6.2.5.2 Reverse Proxy Transmission
Reverse proxy transmission is used to forward requests to internal servers. The FortiBalancer appliance can distribute the requests evenly among internal servers to ensure server load balancing. As the name of reverse proxy mode indicates, the reverse proxy mode enables clients to access internal servers, whereas the normal proxy transmission enables clients to access external servers. The following figure shows how reverse proxy transmission works:
Figure 6‑4 Reverse Proxy Transmission
- The client sends a request to a virtual IP on the FortiBalancer appliance.
- The FortiBalancer appliance locates the optimal server based on the policy and health check conditions, and then forwards the request to the server.
- The server sends the response to the FortiBalancer appliance.
- The FortiBalancer appliance sends the response to the client.
- Advantages of reverse proxy transmission:
One-armed deployment is applicable.
Connection pool technology can be used to enhance system performance.
- Limitations of reverse proxy transmission:
The IPs of the client that have accessed the server cannot be recorded.
- Solution: The FortiBalancer appliance can insert a field “X-Forwarded-For” into the header of the HTTP request of the client to trace the client IP.
6.2.5.3 Triangle Transmission
Triangle Transmission is specially designed for low-inbound/high-outbound applications such as Video On Demand (VOD), and to accommodate requests in the quickest and most efficient manner. In addition to “reverse” and “transparent” modes, a new system mode “triangle” is added for this new feature.
For Triangle Transmisison, when selecting a proper real server from a group, administrators can use Round Robin (rr), Persistent IP (pi), Hash IP (hi), Consistent Hash IP (chi), Least connections (lc) and SNMP (snmp) group methods. In triangle mode, only TCP, UDP and IP virtual services are supported.
The following shows how the Triangle Transmisison works.
Figure 6-3 Triangle Transmission
- Client sends a request to a virtual IP on the FortiBalancer appliance via the router.
- The FortiBalancer appliance forwards the request to a real service.
- The real service returns a response to the router directly. Since the default route IP on the real service is set to be port2 interface IP of the router, the response will be sent to the router directly.
- The router forwards the response to the client.
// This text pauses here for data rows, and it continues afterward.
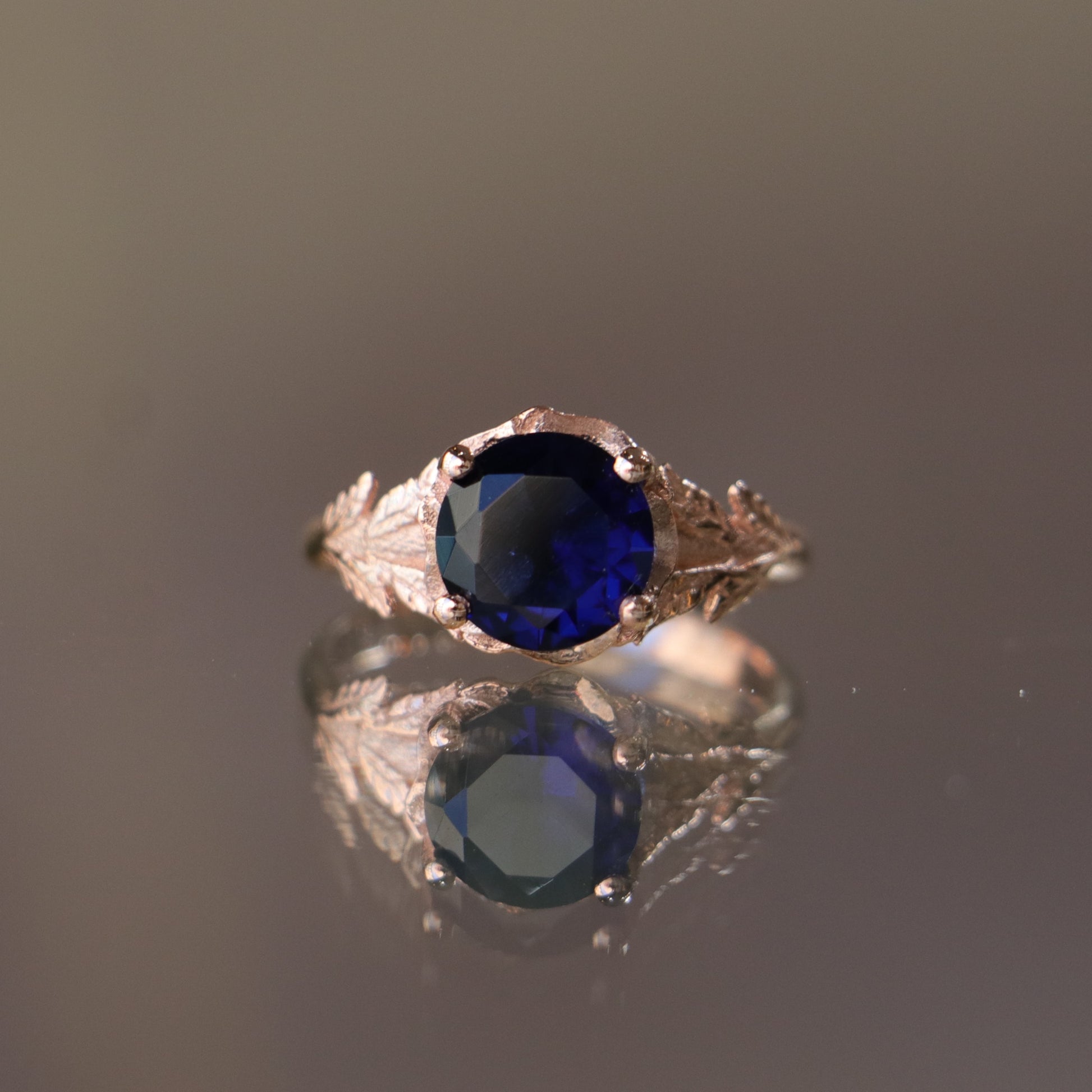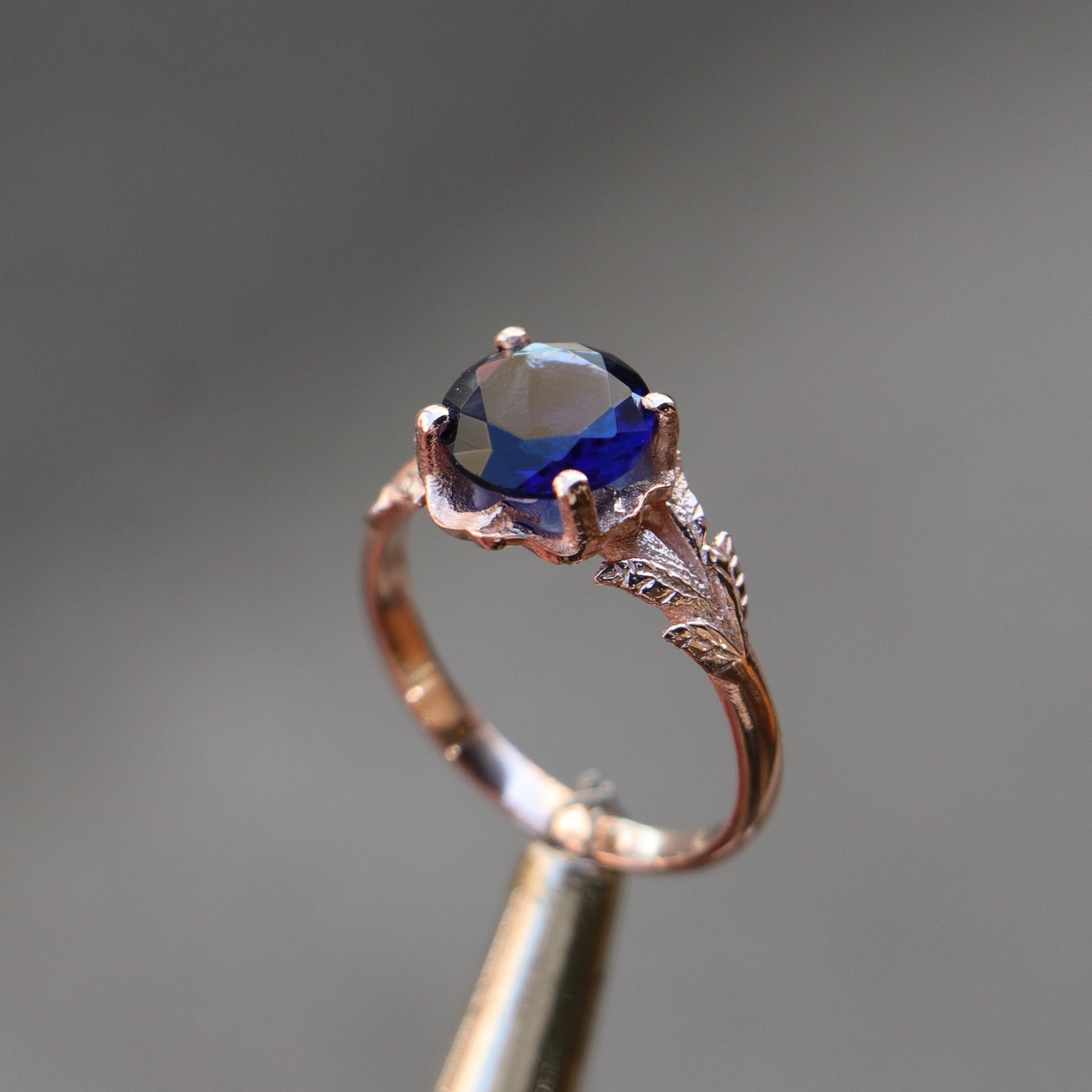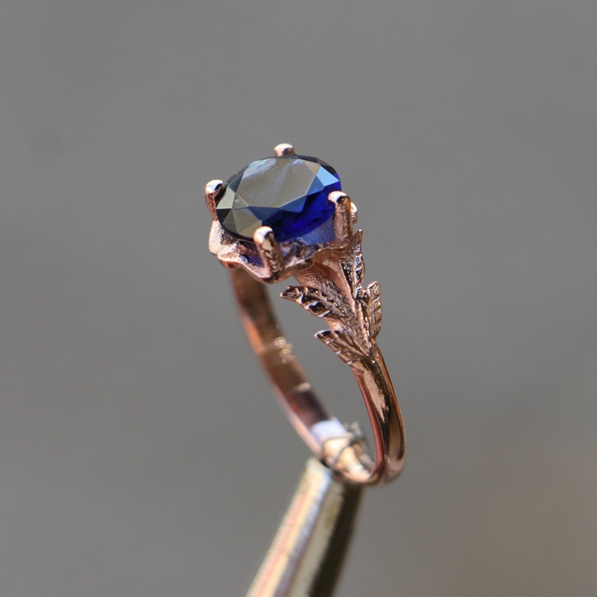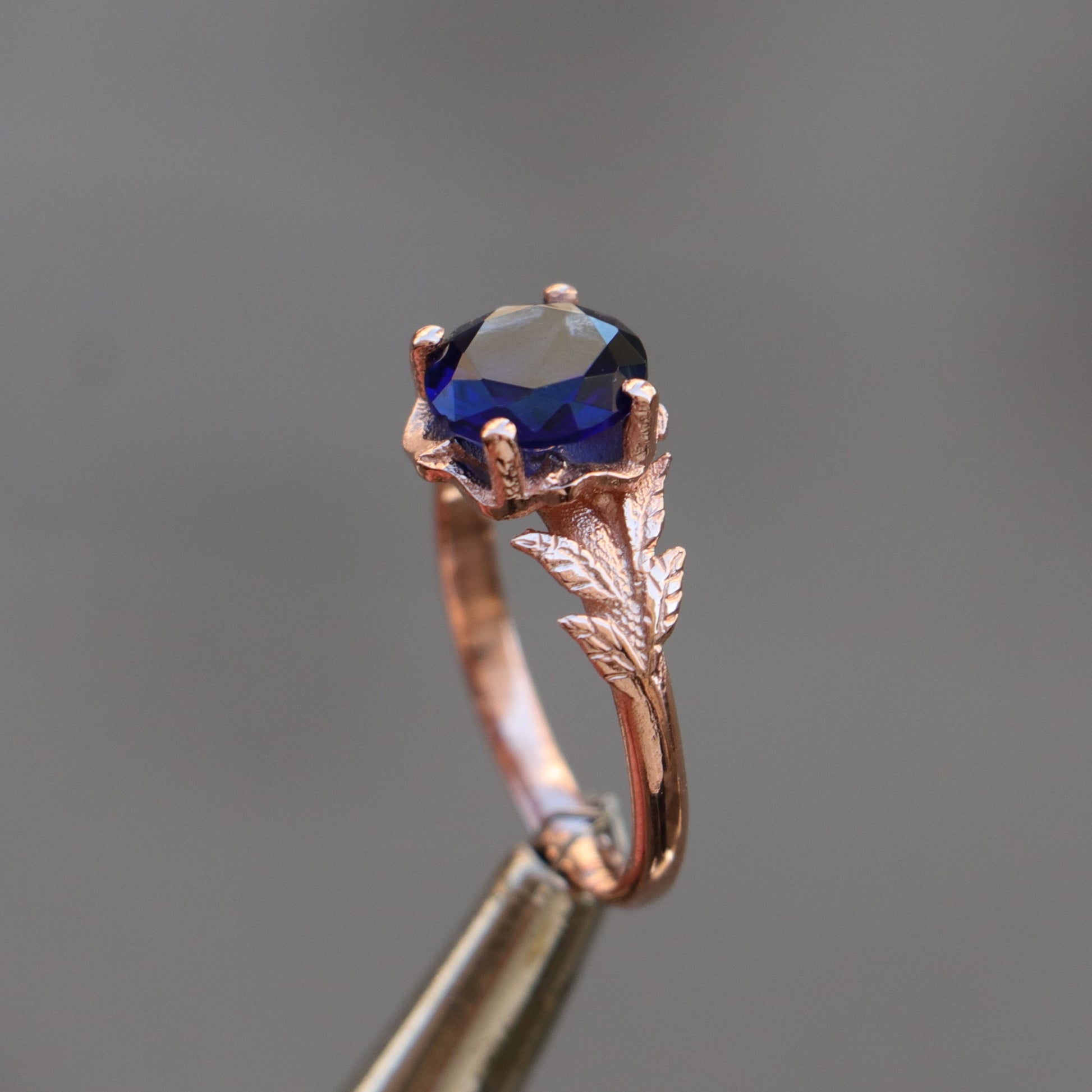 925 Silver Rose Gold Plated Ring with Aquamarine Stone and Leaf Detail
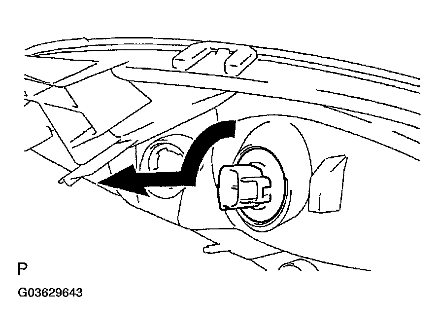 2. Push the set spring in the direction indicated by the arrow in the illustration to remove the headlamp No.1 bulb.
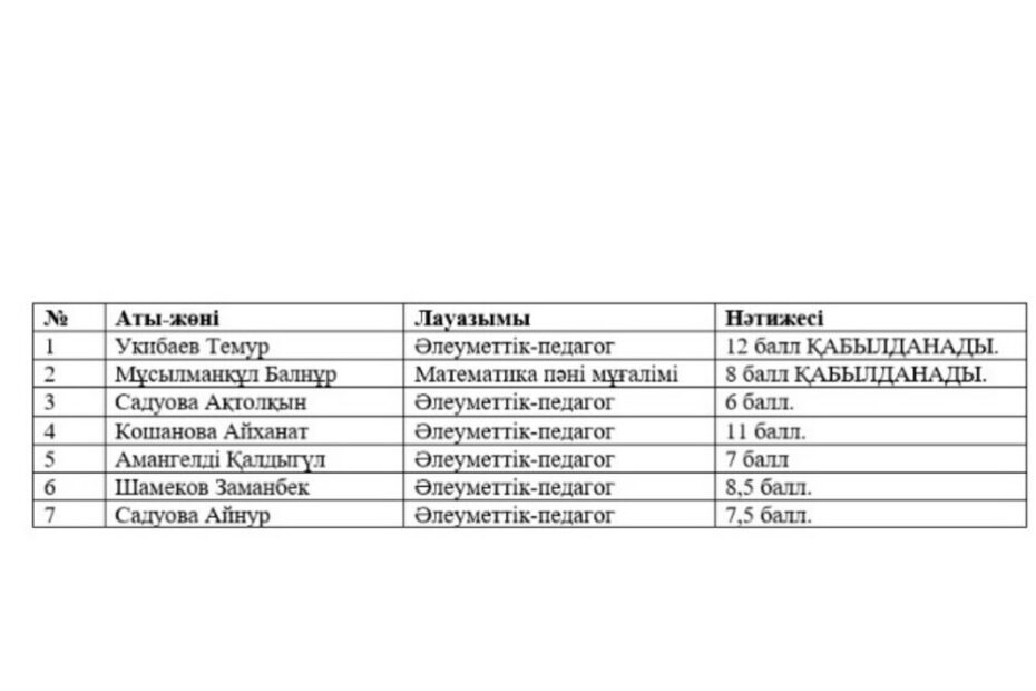 “Мемлекеттік білім беру ұйымдарының бірінші басшылары мен педагогтерін лауазымға тағайындау, лауазымнан босату қағидаларын бекіту туралы” ҚР БжҒМ 2012 жылғы 21 ақпандағы №57 бұйрығына өзгерістер енгізу туралы ҚР Оқу-ағарту министрінің 2023 жылғы 15 тамыздағы №259 және ҚР Премьер-Министрінің орынбасары Еңбек және халықты әлеуметтік қорғау министрінің 2023 жылғы 16 тамыздағы №343 бірлескен бұйрығын негізге ала отырып, конкурсқа қатысушылардың арасынан кестеде көрсетілген педагогтар арнайы талаптар бойынша жұмысқа қабылданды.
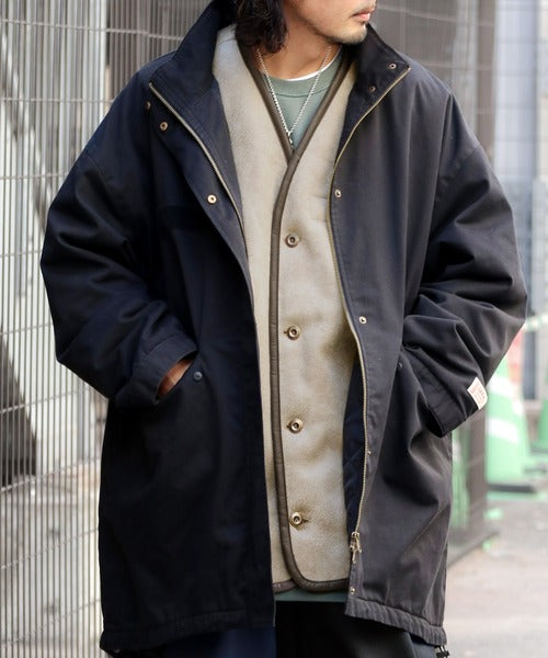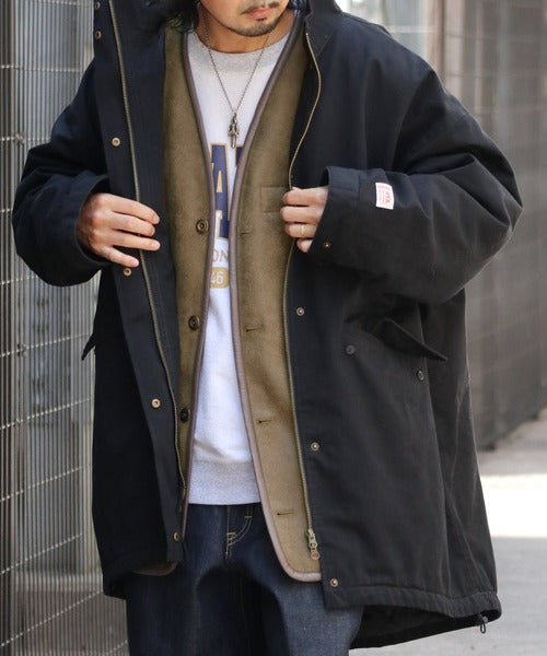 ゆったりとしたシルエットなので、今年はM-65などミリタリーコートの上にコーディネートするのがオススメ。

In this packet flow, the request will pass through the FortiBalancer appliance, but the response will be sent from the real server to the client directly without hitting the FortiBalancer appliance.
Note: Triangle transmission SLB health check is based on the system IP addresses of the real servers, not the loopback IP addresses. This means when health check is up, the real service might not be available.
6.2.6 Packet based UDP Load Balancing
In FortiBalancer, UDP packets are distributed according to the four-tuple information. This means the UDP packets with the same source IP and port will be regarded as the same UDP flow and then be distributed to the same real server. However, under some circumstances (e.g. RADIUS applications), this method might cause uneven load balancing. To solve this problem, packet based UDP SLB can be used to support single UDP packet based application and more evenly spread load to different real servers.
6.2.7 SIP Load Balancing
What is SIP (Session Initiation Protocol) Load Balancing
FortiBalancer SIP Load Balancing intelligently distributes and balances SIP traffic among multiple SIP servers and provides application persistence based on the unique SIP caller ID to ensure application and transaction integrity. Additionally, to ensure reliability and availability of SIP services, SIP load balancing is able to perform advanced health checks on SIP devices, routing SIP clients away from unstable or unreliable devices. SIP load balancing is critically important for successful, scalable VoIP telephony environments.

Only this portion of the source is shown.